**What needs to be done:** Quote the data below in full, minus the images.

**Available data:**
....................

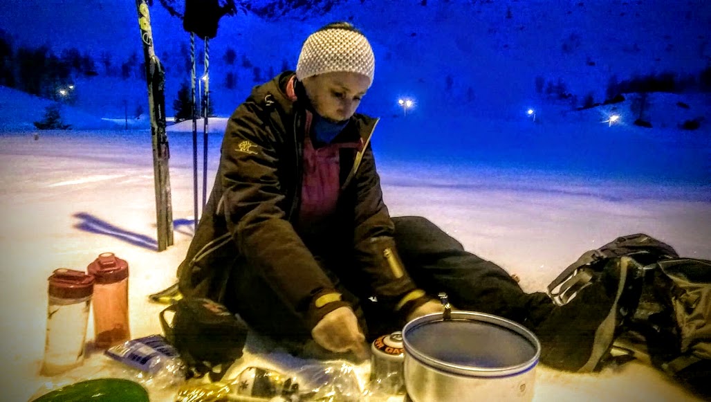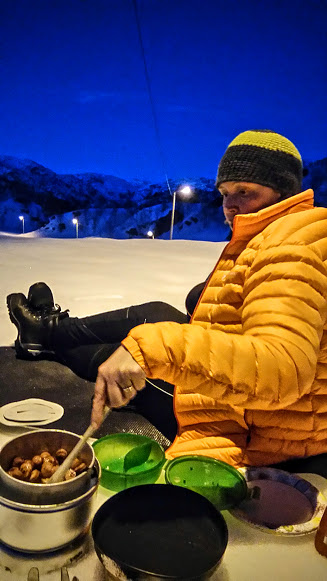 Sjølv om det ikkje går så raskt med oss, og det var sjølvsagt mørkt lenge før vi var halvvegs i løypa, så var vi riktig så nøgd med skituren. Ja, så nøgd av vi bestemte oss for at vi måtte opp onsdagskveld og – og då ville vi rett og slett laga oss middagen/kveldsmaten ute 🙂
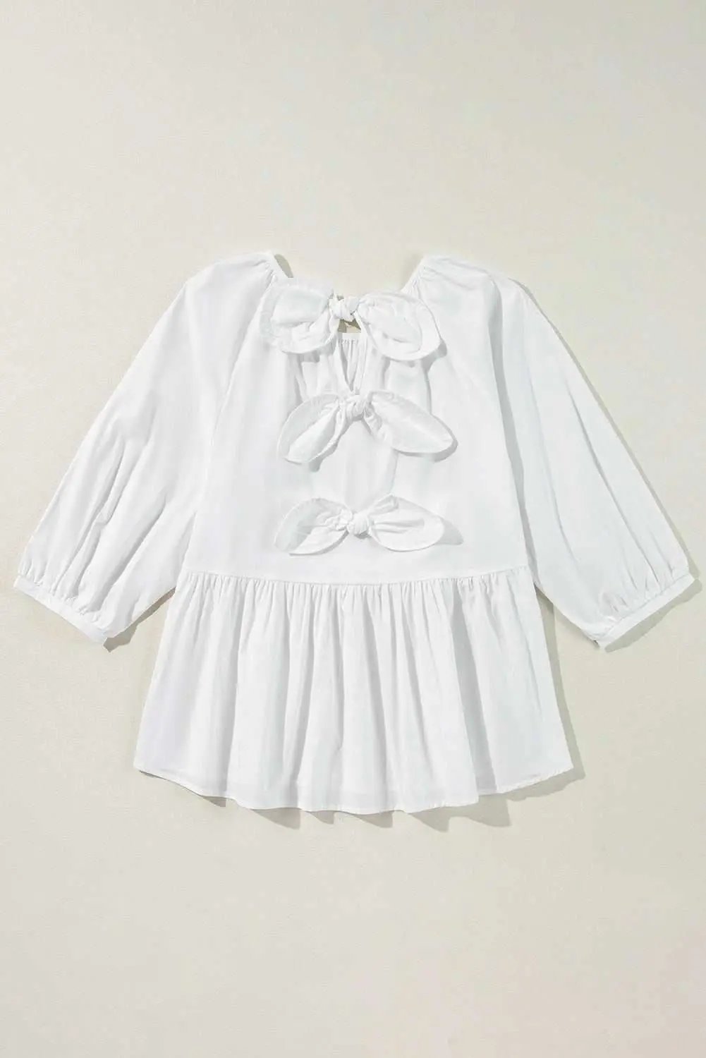 Love Salve White Bow Knot Cutout Back Loose Fit 3/4 Sleeve Blouse
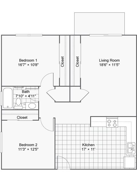 2 Beds, 1 Bath, 841 sq ftAvailable NowModel Gallery
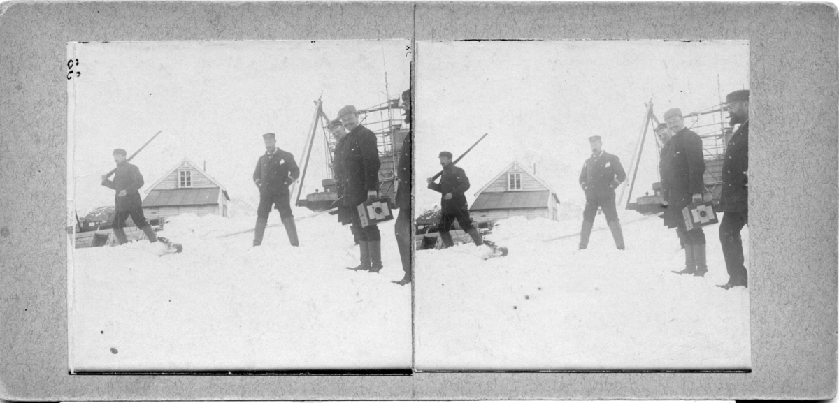 Alexis Machuron med en fångad räv på Danskön, med Norselius, Ehrensvärd, Strindberg och Lembke. Stereoskopisk bild.
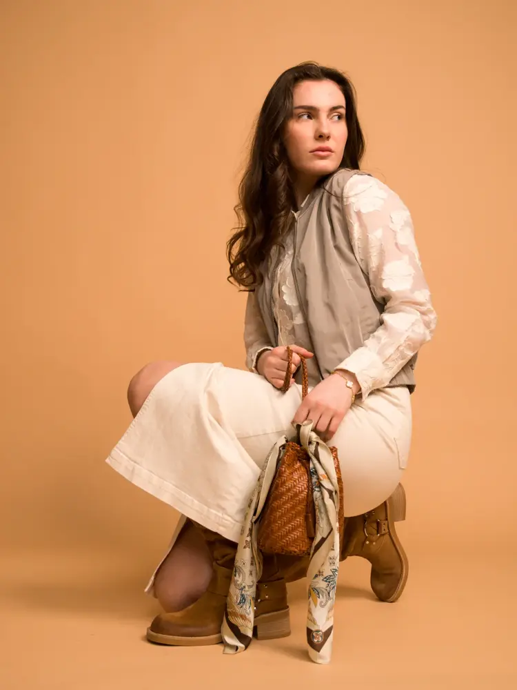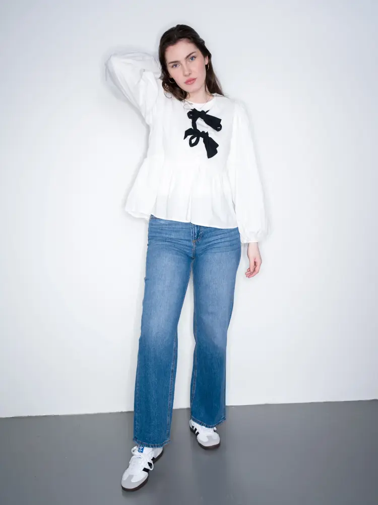 Bluse med sløyfer 449,- jeans 499,- alt fra Bero Moda | Jakke 1299,- skjørt 999,- veske 2299,- alt fra Swah | Sko Junkyard 1349,-

....................

**Your solution:**
 Sjølv om det ikkje går så raskt med oss, og det var sjølvsagt mørkt lenge før vi var halvvegs i løypa, så var vi riktig så nøgd med skituren. Ja, så nøgd av vi bestemte oss for at vi måtte opp onsdagskveld og – og då ville vi rett og slett laga oss middagen/kveldsmaten ute 🙂
 Love Salve White Bow Knot Cutout Back Loose Fit 3/4 Sleeve Blouse
 2 Beds, 1 Bath, 841 sq ftAvailable NowModel Gallery
 Alexis Machuron med en fångad räv på Danskön, med Norselius, Ehrensvärd, Strindberg och Lembke. Stereoskopisk bild.
 Bluse med sløyfer 449,- jeans 499,- alt fra Bero Moda | Jakke 1299,- skjørt 999,- veske 2299,- alt fra Swah | Sko Junkyard 1349,-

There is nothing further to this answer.